Quality time. My main love language. We have been working on spending more quality time together. Initially it was going good, I was fine with knowing I would be the one setting it up, making arrangements, but he happily went along with stuff and we have been revelling in renewing the couple side of things.

Now, I can feel things stalling. He told me not long ago that he was quite happy for our couple quality time to just be hanging out. The kind where you just hang out, in the same room, watching TV, on the laptop, reading, basically doing whatever but not necessarily focussed time on each other. He said this is a compliment.

OK. I like that, but I want that dating time too. I know we can't always go out, but I like arranging time together at home: like watching a film, making and eating dinner together, getting out the oils to do a massage, anything like that.

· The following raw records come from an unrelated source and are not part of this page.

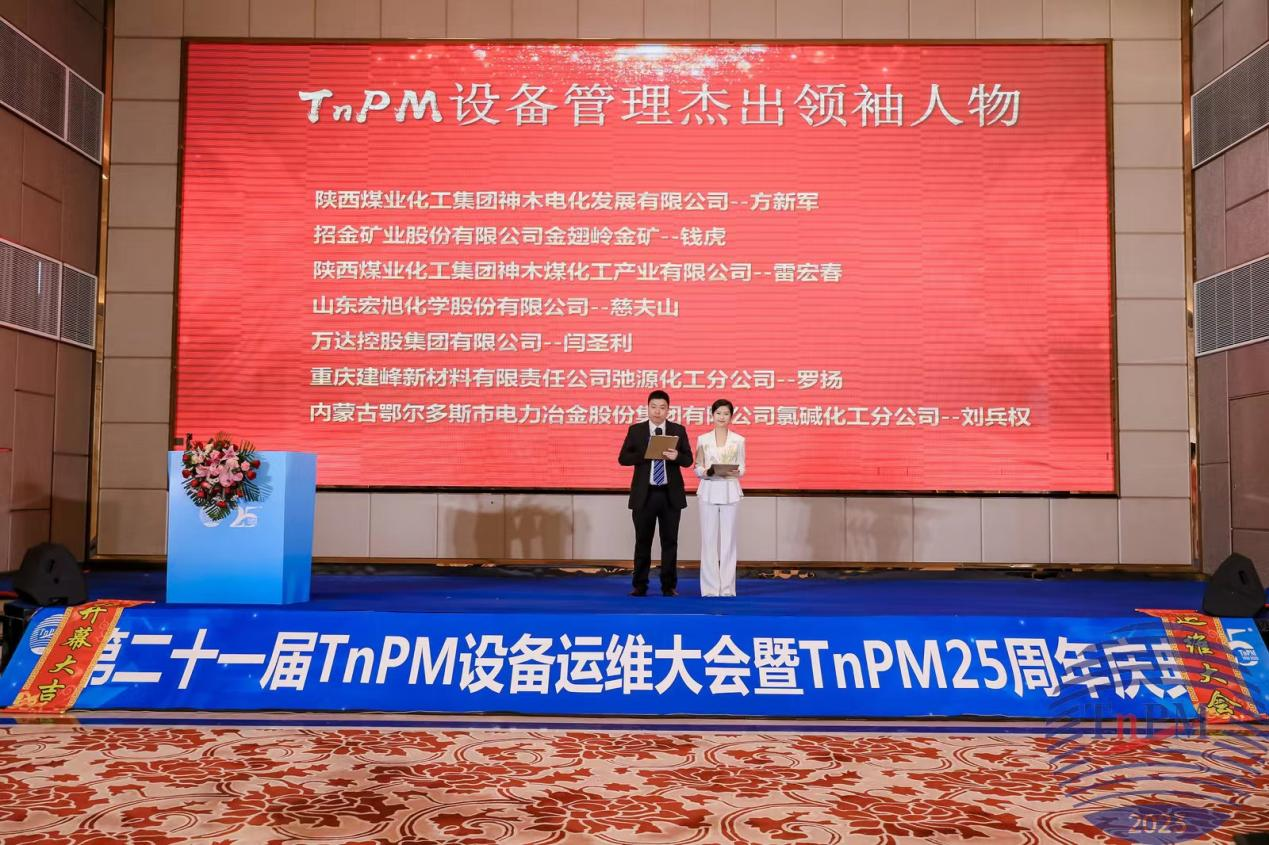近日,在中國設備管理協會國際合作交流中心主辦的第二十一屆TnPM設備運維大會暨TnPM25周年慶典上,公司及所屬電化公司獲得TnPM設備管理優秀企業,總經理雷宏春等6人獲得TnPM設備管理杰出領袖、卓越推進者、優秀設備工匠等榮譽稱號,所屬電化公司三車間獲得CTPM推進成果展示三等獎的優秀成績。(王翔)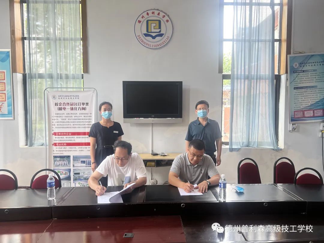 德州普利森職業中等專業學校副校長王向勇、德州職業技術學院招生就業處冀康建處長簽署了中高職貫通培養協議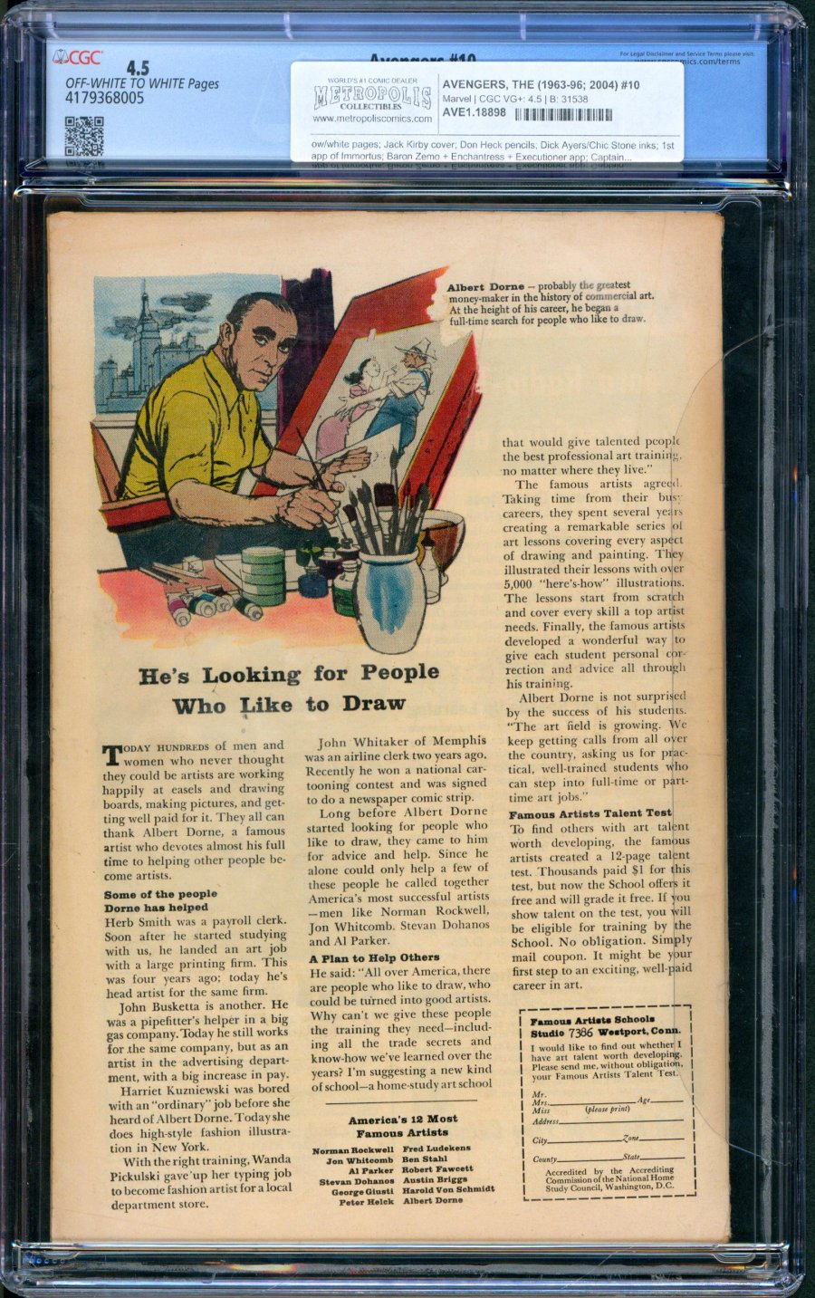 Jack Kirby cover; 1st app of Immortus; Baron Zemo + Enchantress + Executioner app; Captain America pin-up

Yet I bring it up, and he's going back to resisting it. He says we spend enough time together anyway, then says it's.not about quantity it's quality, has started talking about how important it is to have individual time. He says he feels the pressure of work and family and wants to chill out on his own more, have a hobby, work on the car.

Now, I agree COMPLETELY we both need that. He's always met friends out for beers every week and spent hours pottering about in the garage. What I feel is that he prioritizes me beneath these other things. I sense he feels it as me being needy. He says if I say I want quality time, and he doesb't wabt to or has other plans, I get upset. He says he feels it has to be my way or I'm not happy.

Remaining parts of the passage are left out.